Re: info format (was Re: Linux 2.2.11pre4)

Anthony Barbachan (barbacha@Hinako.AMBusiness.com)
Wed, 4 Aug 1999 03:46:01 -0400


----- Original Message -----
From: H. Peter Anvin <hpa@transmeta.com>
To: <linux-kernel@vger.rutgers.edu>
Sent: Wednesday, August 04, 1999 1:21 AM
Subject: Re: info format (was Re: Linux 2.2.11pre4)

> Followup to: <199908040413.WAA07796@ellpspace.math.ualberta.ca>
> By author: Michal Jaegermann <michal@ellpspace.math.ualberta.ca>
> In newsgroup: linux.dev.kernel
> >
> > torvalds> The "info" interface makes sense only to people who grok GNU
> > torvalds> emacs,
> >
> > I do not get it. There is a number of different info readers around,
> > with different interfaces. In particular both KDE and Gnome have
> > one included (integrated with another stuff). I do not see why
> > somebody who thinks that a "better" interface could be used will not
> > simply write one. If it will be really better then it will be
> > used all over the place and there will be no problem.
> >

Most people just don't have the time to write, search for, or recompile
another better interface. Especially for stuff like info for which there is
a good enougth alternative, man, which also happens to be highly portable
(highly portable in that I don't have to recompile info for every system.
man is already included.) As for the better readers I really haven't seen
anything other than info for text mode, who's user interface quite frankly
sucks. Its too bad they haven't taken lynx's user interface, which is much
better constructed.

> > torvalds> and if you actually want to be user-friendly you either
> > torvalds> use "man" (because that's how everything else is documented
and
> > torvalds> then you could actually just tell people to use man
everywhere)
> >
> > This is somewhat ridiculous for documents with sizes of a few hundreds
> > pages (and your disk is likely full of such documents). This was tried
> > with Perl4, for example, and results were not very friendly.
> > A 'manpage' around 10 printed pages in size is already pushing, IMO.
> >
>

I have seen man with much more than 10 pages work quite fine on my
system. Older systems with older versions of man or proprietary mans like
whats included in SCO or Sun you may have a point.
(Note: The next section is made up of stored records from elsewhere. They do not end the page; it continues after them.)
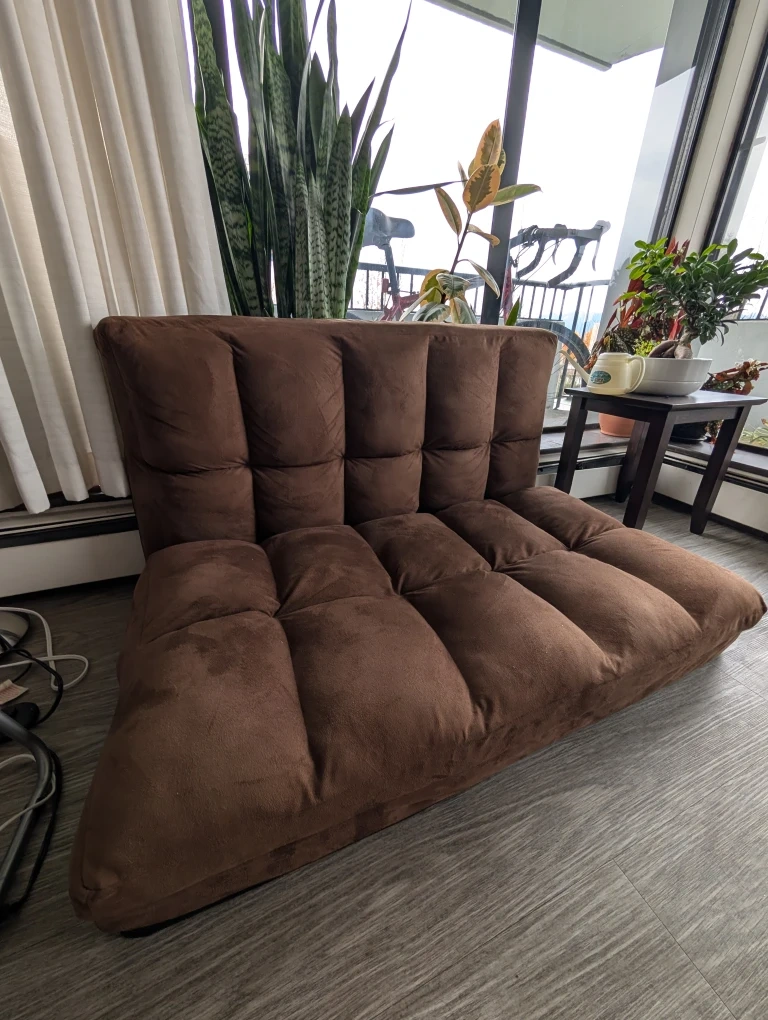Selling a comfy brown floor lounge sofa bed! It's perfect for relaxing and lounging around. The sofa bed is in good condition and ready for a new home. It's a great addition to any living space.
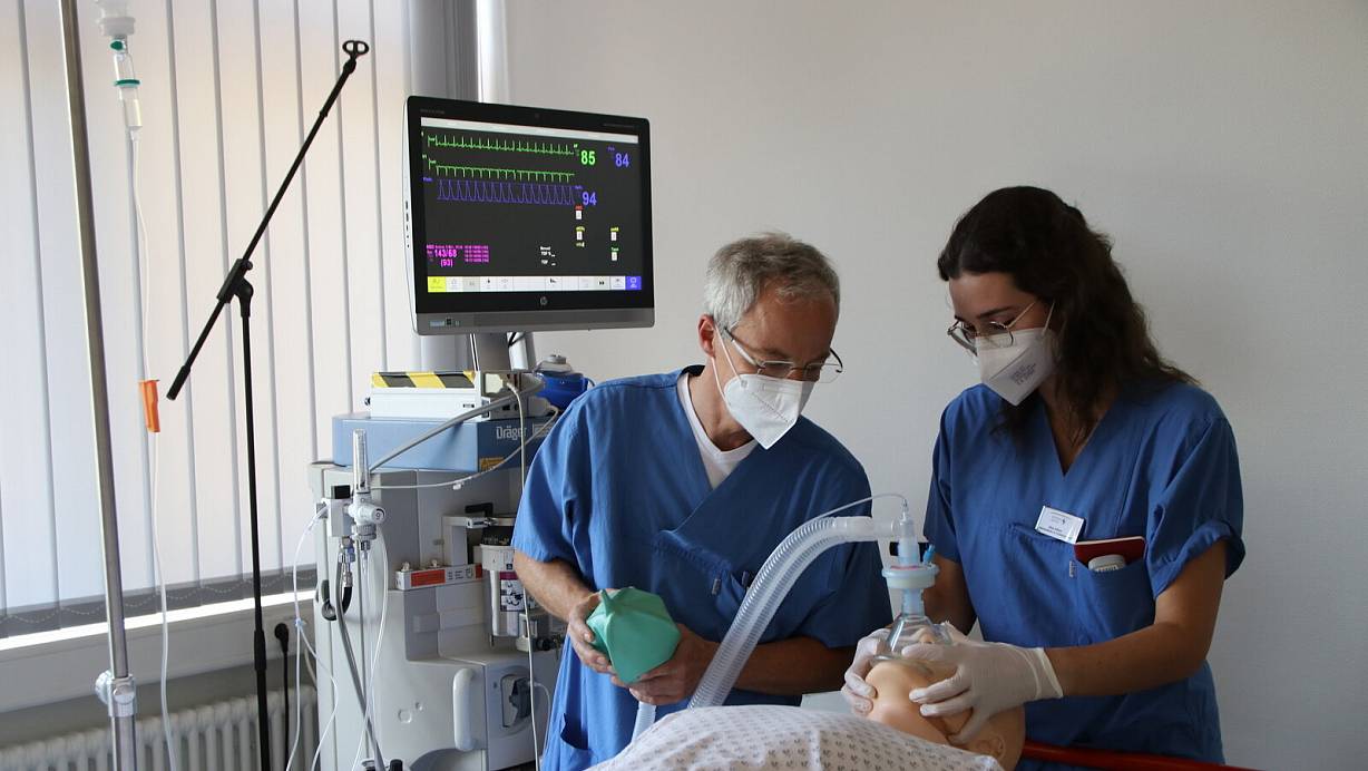 Professor Dietrich Henzler (v.l.) und Medizinstudentin Alina Hütter, die den Dummy gerade intubiert hat. | © Claus Frickemeier
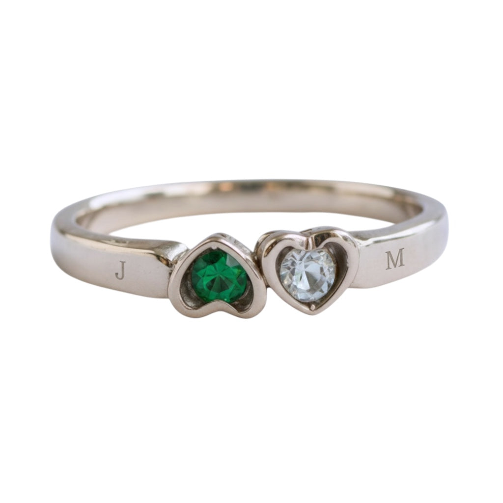 2 Stone Round Birthstone Couple's or Mother's Heart Ring
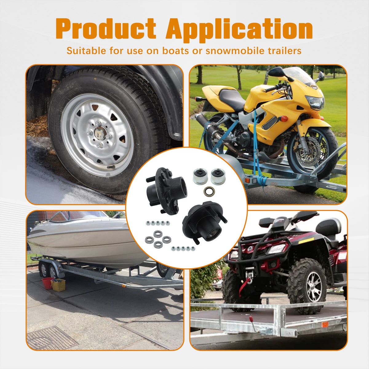 Marine grade wheels are designed for trailer idler axles. Suitable for 2000 lb shafts with 1-1/16" spindles. Includes inner bearing (L44649) and seat ring, outer bearing (L44649) and seat ring, oil seal, oil cap and nut.
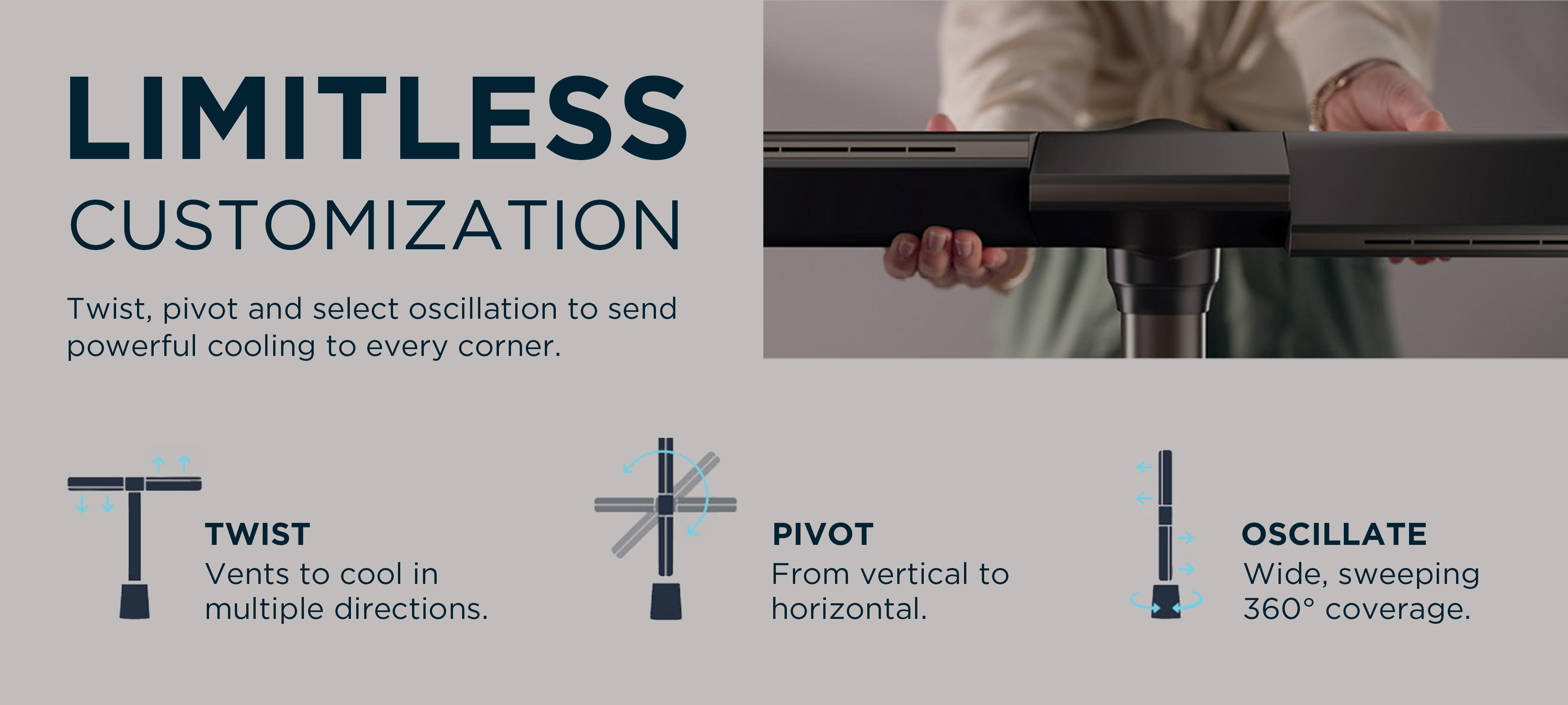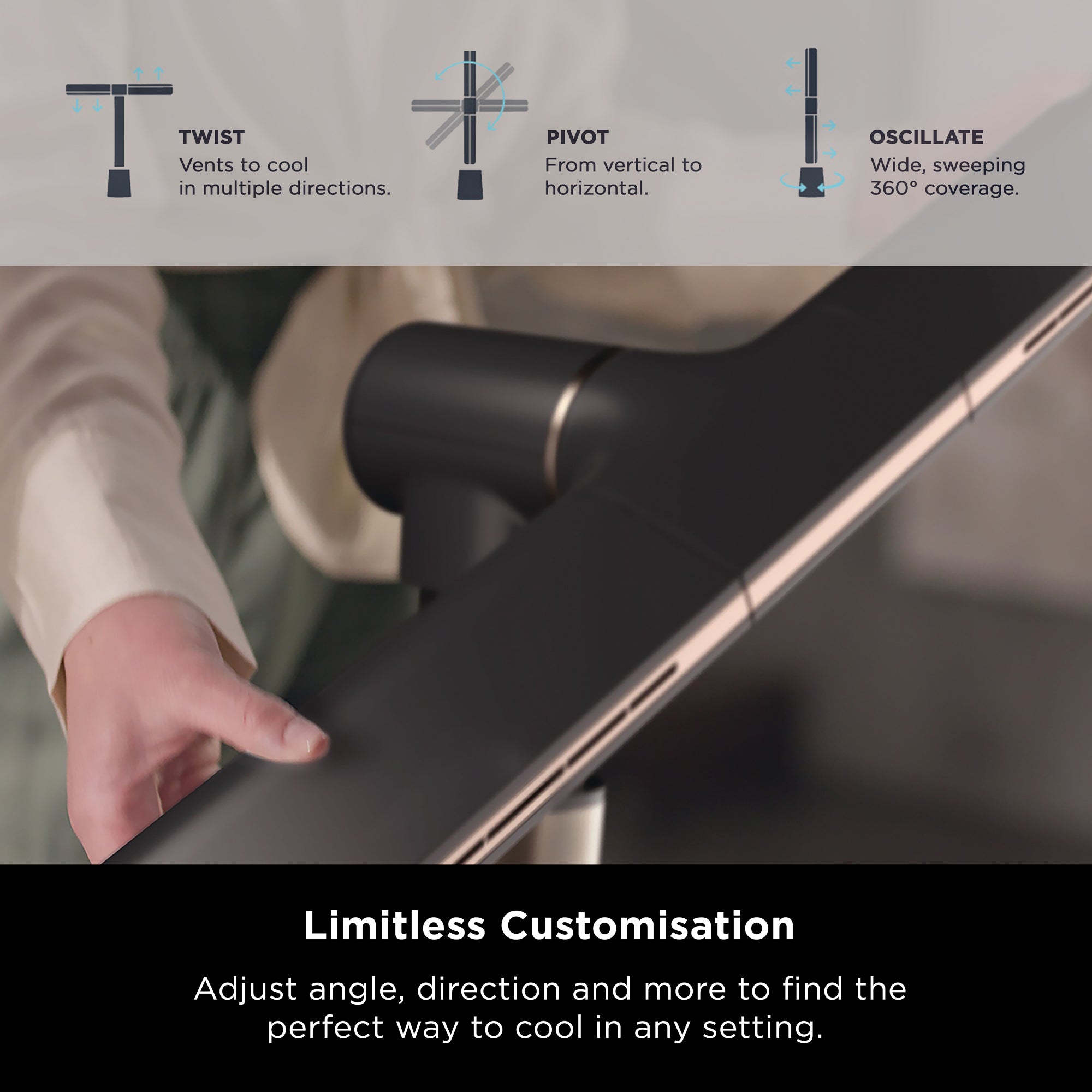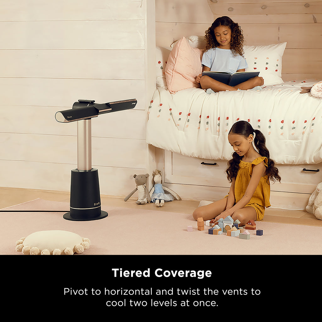 Pivot horizontally and twist each nozzle to direct airflow across two levels - cooling from floor to ceiling at once.
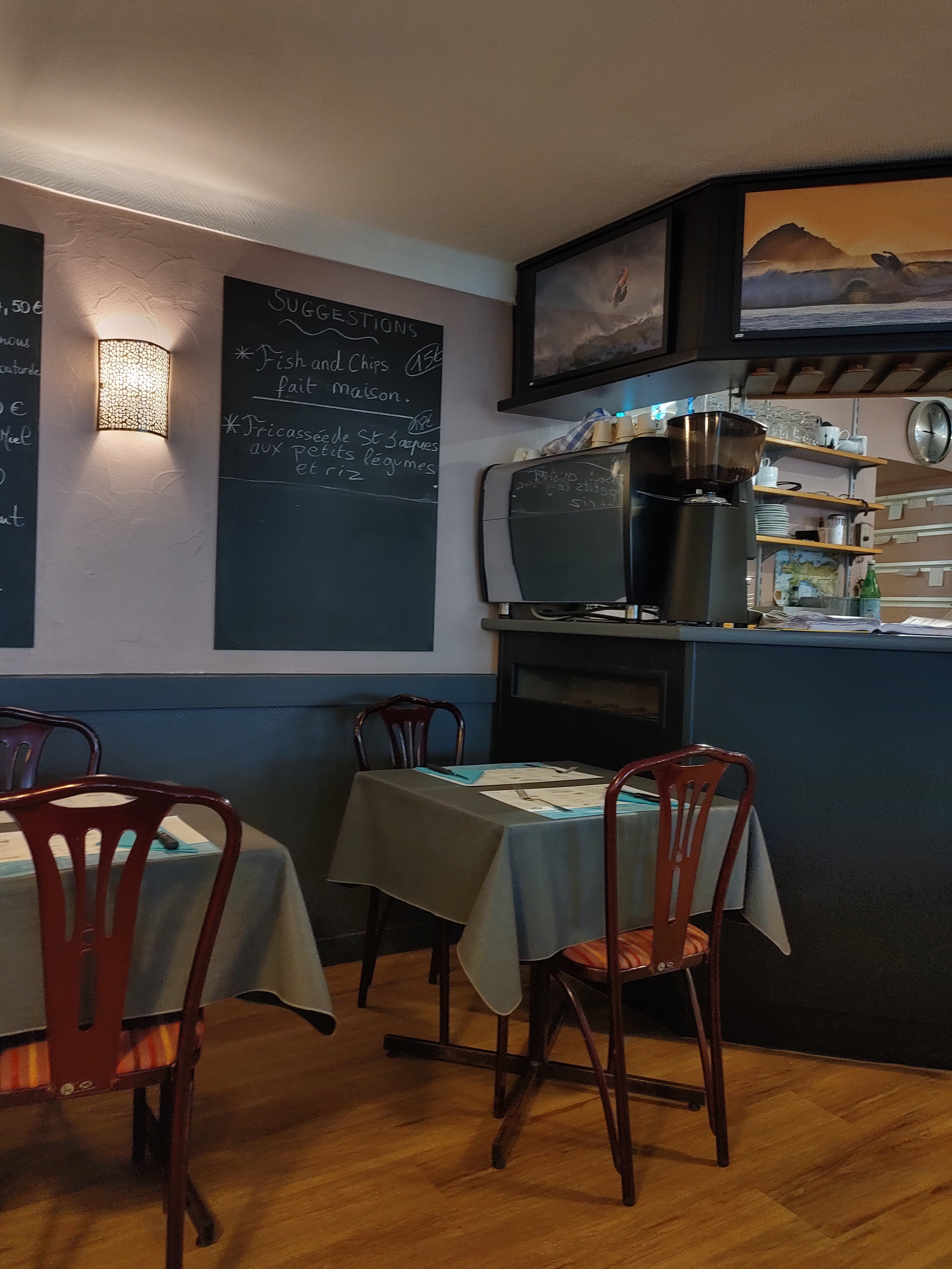 Un restaurant très sympathique ou on s est régalé.L accueil était très convivial.les plats de coquilles St Jacques et de lotte un délice et la tapisserie d'une autre epoque representant un fond marin d'algues et de gorgones aux hippocampes vaut le detour.On reviendra merci a vous
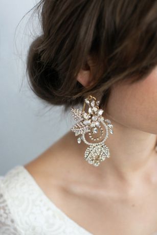 Crystal-encrusted leaf charms, freshwater pearls, and bursts of navette crystals grace these stunning earrings.
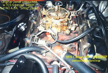 Mr 70, Both 1970 L-34(1800 built)and L-78(600 built) Camaros had the TCS system. The removal of an L-78 engine and/or the A.I.R. "Smog" apparently would leave NO evidence I can think of. Without a Norwood trim tag, L.A. build sheet, POP, Window Sticker, Invoice or 6500/7000 Tach I dont know how to PROVE 70 L-78 Camaro. I'm going to say that the 4 spd L-78 was standard with 3:55 gears while the L-34 4 spd was standard with 3:31.....but obviously subject to RPO changes.....all SS's and Z-28's had 12 Bolt (LAST Year)
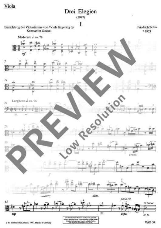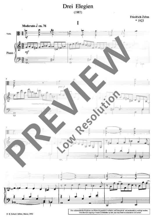 Digital Sheet Music for Three Elégies by Friedrich Zehm scored for Viola And Piano; id:483151
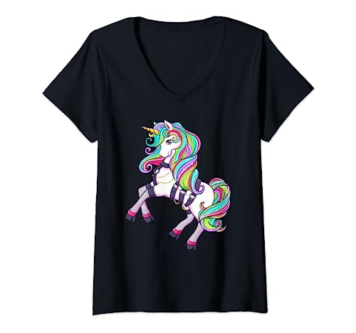 Womens BDSM Unicorn Funny Rope Bondage Humor Cartoon Comic BDSM V-Neck T-Shirt
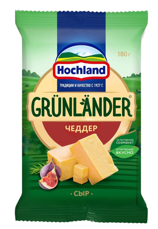 Сыр HOCHLAND "Grunlander. Чеддер" полутвердый 180 г 50%
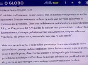 – Daí, escala o imortal Merval Pereira, porta voz político dos Marinho e mestre na arte de puxar saco, para escrever que Paulo Guedes “tem se mostrado competente na análise prospectiva de nossa economia…” mas não consegue evitar a caminhada pro abismo que Bolsonaro lidera.
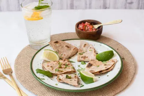 Piadina integral con mix de quesos y salsa tipo pico de gallo
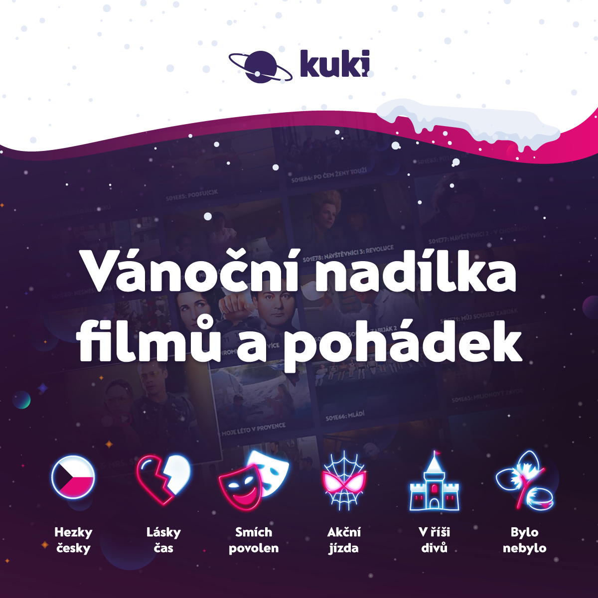 Česká klasika, hrané i kreslené pohádky nebo komedie, které trhají bránice. Internetová televize Kuki všem svým zákazníkům pod stromeček věnovala předčasný dárek v podobě vánoční nadílky filmů a pohádek. Jsou rozdělené do 6 tematických sbírek a v Kuki budou dostupné od 6. prosince 2021 do 30. ledna 2022. Na diváky čeká celkem 450 snímků.
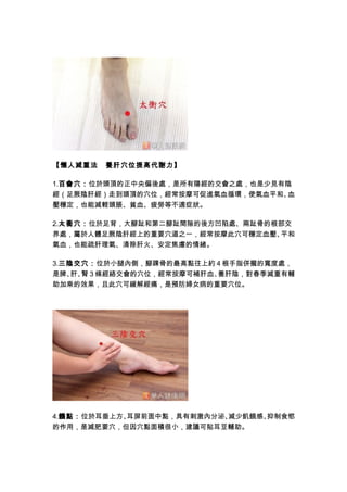 文章介紹了根據中醫理論,春季減重應先養肝以促進氣血循環和新陳代謝。採用七個主要穴位進行按摩能有效提高身體的代謝能力、促進腸胃蠕動並減少便祕,增強減重效果。文章提供了每個穴位的具體位置和按摩效果,以便讀者實施。
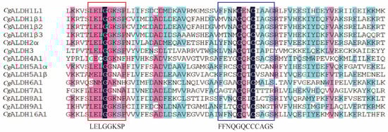 Multiple sequence alignment of CgALDHs. Black shading indicates identical residues, pink shading indicates similar residues that are more than 80% similar, and blue shading indicates similar residues that are more than 50% similar. The red boxes indicate the conserved glutamic active sites, and the blue boxes indicate the conserved glutamic cysteine active sites.
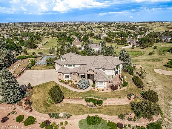 *Experience a revitalized & stylish ambiance w/ our freshly painted, light palette exterior!* Immerse yourself in the grandeur of this exquisite Chapparal residence on over an acre w/ awe-inspiring 360-degree views of the Rocky Mountains. This luxurious home features five bedrooms & eight bathrooms, offering ample space and privacy for family & guests. The family room, a masterpiece of design, boasts soaring ceilings & floor-to-ceiling windows that capture the breathtaking mountain scenery. A fireplace adds warmth & charm to this spectacular space, making it perfect for entertaining or relaxation. Adjacent to the family room, the chef’s kitchen is a culinary enthusiast's dream, equipped w/ sleek granite countertops, high-quality SS appliances, double wall ovens & elegant cherry cabinets. The kitchen’s center island & breakfast bar, alongside a convenient wet bar, ideal for casual dining & sophisticated gatherings.
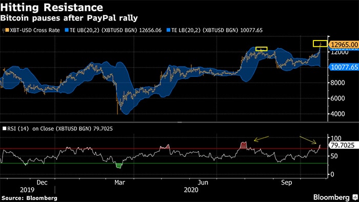 Después de haber llegado a los USD 13.000 por primera vez en más de 14 meses, algunos analistas técnicos sugieren que bitcoin (BTC) está sobrevaluado. El motivo de este “sobreprecio”, indican, es la exuberancia que provocó el anuncio de que PayPal incorporará esta y otras criptomonedas en su plataforma.
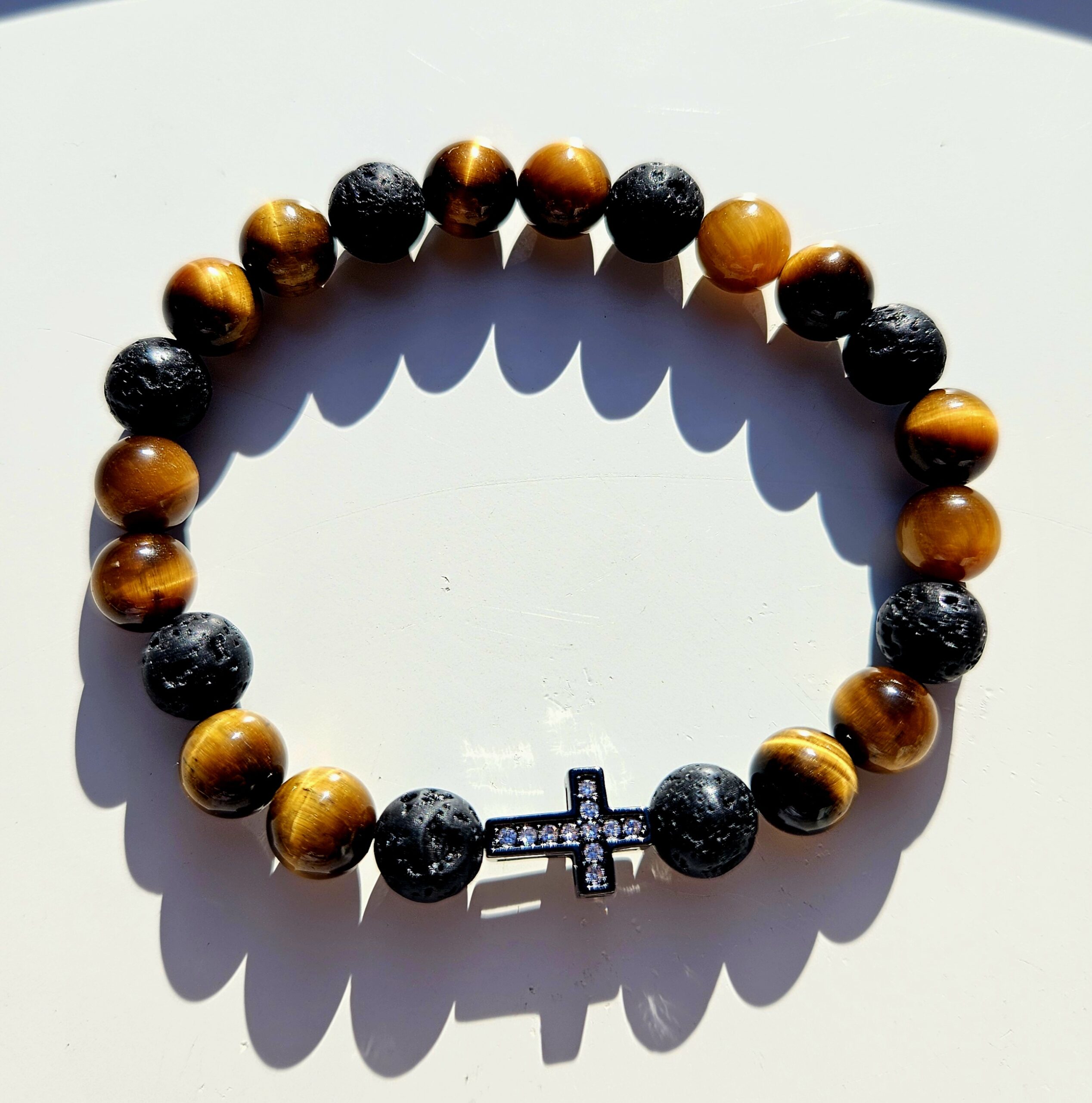 Náramok s krížikom z tigrieho oka a lávy – sila, ochrana a štýl v jednom

> OTOH, it is even more ridiculous to not maintain the man page for
> "cp".
>
> >
> > Actually 'info' is a hypertext format which predates HTML by years and,
> > if you look a bit closer, is **much** better suited for most of a
computer
> > documentation than HTML which really has a different purpose in life;
> > grepping through HTML is not a very nice experience most of the time,
> > for example. There are other advantages as well. Moreover nobody
writes
> > 'info' files by hand but they are generated from 'texinfo' sources
> > which have converters to few other formats, including printed books,
> > and there was somewhere 'texi2html' as well. As for reader interfaces -
> > once again, nothing in the format dictates how they should look like.
> >
>
> There are some MAJOR problems with info, however; one of them being
> the requirement of a system-wide index, which usually doesn't work too
> well at all. man pages get installed and they are immediately
> recognizable.
>
> Furthermore, there is the complete lack of even optional formatting
> hints in the browsable form; although you can generate formatting from
> TeX the result lacks all the references. If there was a dvi browser
> which would preserve the hyperlinks, that would perhaps be another
> issue; perhaps someone ought to make a decent way for TeX to output
> PDF...
>
> Grepping through HTML *source* may suck (as would grepping through
> TeXinfo source or troff source) but HTML can be converted to ASCII
> text; in fact, "lynx -dump" does a pretty good job with it (I wish
> there was a half-decent command-line HTML to PS converter, too.)
>

If you don't mind lynx style formatting. Perfectly fine for documentation.

lynx -dump file.html | enscript --output=file.ps -

or for printing to printer p1

lynx -dump file.html | enscript --printer=p1 -

or for the quick and dirty approach for graphical HTML. If you don't mind
keeping a machine around with the evil empire's OS and you want to just
print the HTML you could also quickly and easily create a server program in
Delphi using Borland's HTML component and print and/or convert the documents
by sending them to that server for processing through a Perl script. Delphi
and/or VB can also do this task by linking to the IE browser component or by
talking to netscape (or IE) thru DDE, OLE, or the crappy and unstable
registry entries. In Windows netscape has a command line parameter to send
pages to the printer 'netscape /print("htmldoc")', perhaps something similar
exists in Netscape for Linux. Its not the above, I already tried it.

> -hpa
> --
> "The user's computer downloads the ActiveX code and simulates a 'Blue
> Screen' crash, a generally benign event most users are familiar with
> and that would not necessarily arouse suspicions."